Friday’s figures met this threshold, signaling an abrupt economic downshift. Consequently, investors sought safer assets, leading to declines in major stock indices: the S&P 500 dropped 2%, the Nasdaq 2.5%, and the Dow 1.5%. This trend continued into Monday with further sell-offs overseas.

The crypto market’s rapid decline raises questions about its role as either a speculative asset or a hedge against inflation and recession. Despite hopes that crypto could act as a risk hedge, the recent crash suggests it remains a speculative investment.

Since the downturn, the crypto market has seen its largest three-day sell-off in nearly a year, losing over $500 billion in market value. According to CoinGlass data, this bloodbath wiped out more than $1 billion in leveraged positions within the last 24 hours, including $365 million in Bitcoin and $348 million in Ether.

Khushboo Khullar of Lightning Ventures, speaking to Bloomberg, argued that the crypto sell-off is part of a broader liquidity panic as traders rush to cover margin calls. Khullar views this as a temporary sell-off, presenting a potential buying opportunity.

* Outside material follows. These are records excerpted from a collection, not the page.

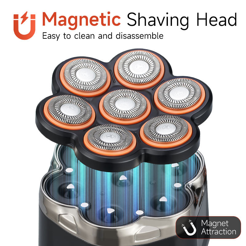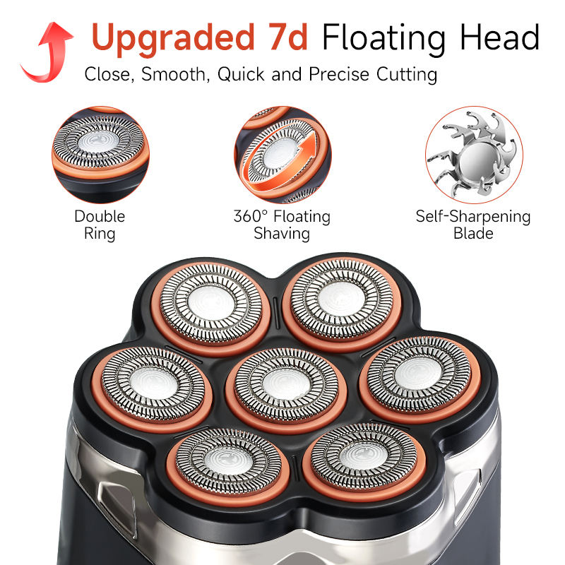 The 7D Electric Shaver for Men is designed for a close, comfortable shave. Equipped with 7 floating rotary blades, this electric razor adapts to your facial contours for maximum precision and comfort. Ideal for head shaving, beard grooming, and facial cleansing.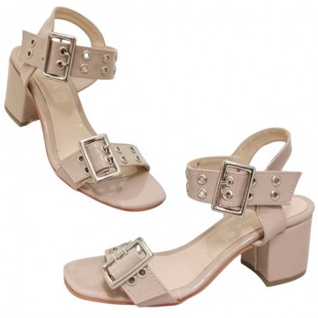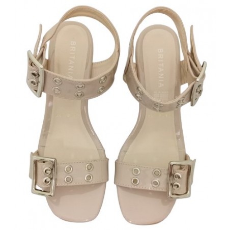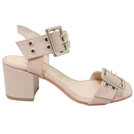 Zapatillas con hebillas y remaches en material charol sintético color maquillaje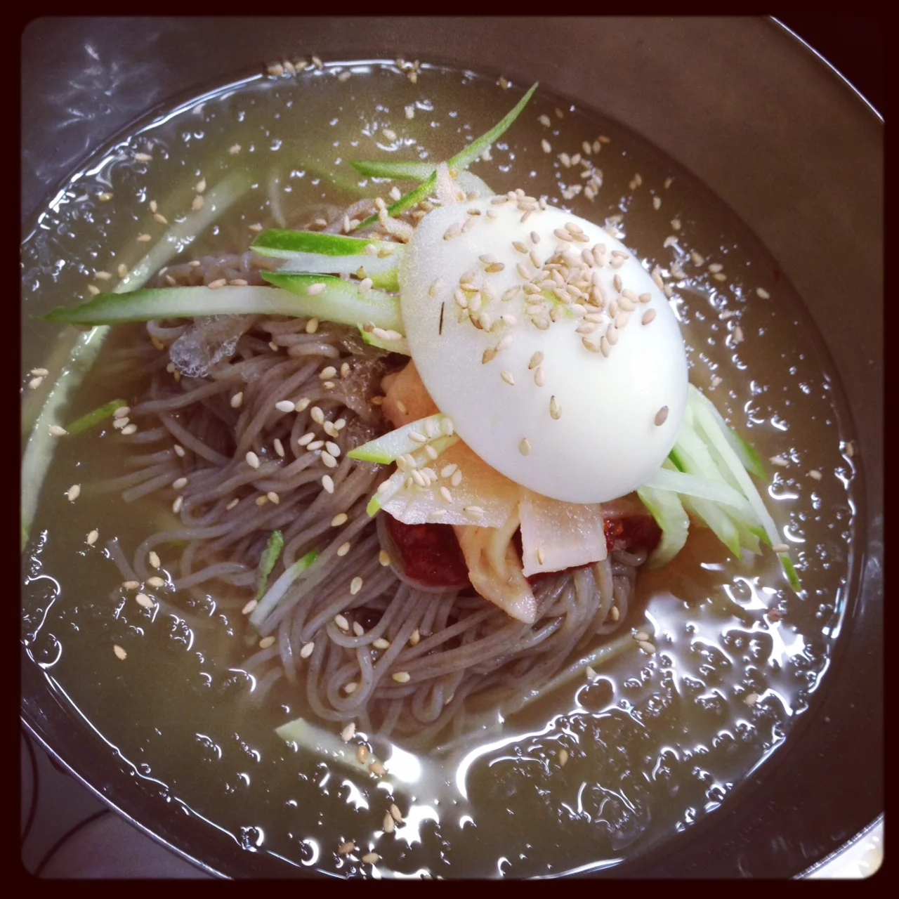 매밀막국수 - Buckwheat noodles in an icy cold vinegary broth. This is awesome here - the noodles are similar to nengmyun but they are slightly thicker, softer yet still chewy. Even though we were so full, this is definitely worth getting for a refreshing kick at the end of the meal. Great to share!

Josh Gilbert, an eToro market analyst, supports Khullar’s perspective, suggesting that the expected Federal Reserve rate cuts could benefit crypto assets. “Crypto assets have sold off, but many investors will see an opportunity. We see Federal Reserve rate cuts, which are now likely to come sharper than expected, as hugely positive for crypto assets,” Gilbert told Coindesk.

Despite the recent volatility, crypto continues to make strides toward mainstream acceptance. Notably, Morgan Stanley will allow its advisors to offer Bitcoin ETFs starting Wednesday. This follows more than half a year after the introduction of the first Bitcoin ETF. The investment bank will enable over 15,000 of its financial advisors to sell BlackRock’s IBIT and Fidelity’s FBTC. This move is seen as a significant step toward the “mainstreamization” of crypto, given the lengthy regulatory and company processes in major investment banks.

The recent crypto market downturn highlights its volatility and the broader economic concerns affecting all risk assets. While some analysts see the current situation as a temporary sell-off and a buying opportunity, others caution against the speculative nature of crypto. As the market evolves, its role as a mainstream alternative asset continues to grow, marked by increasing institutional acceptance and new investment opportunities.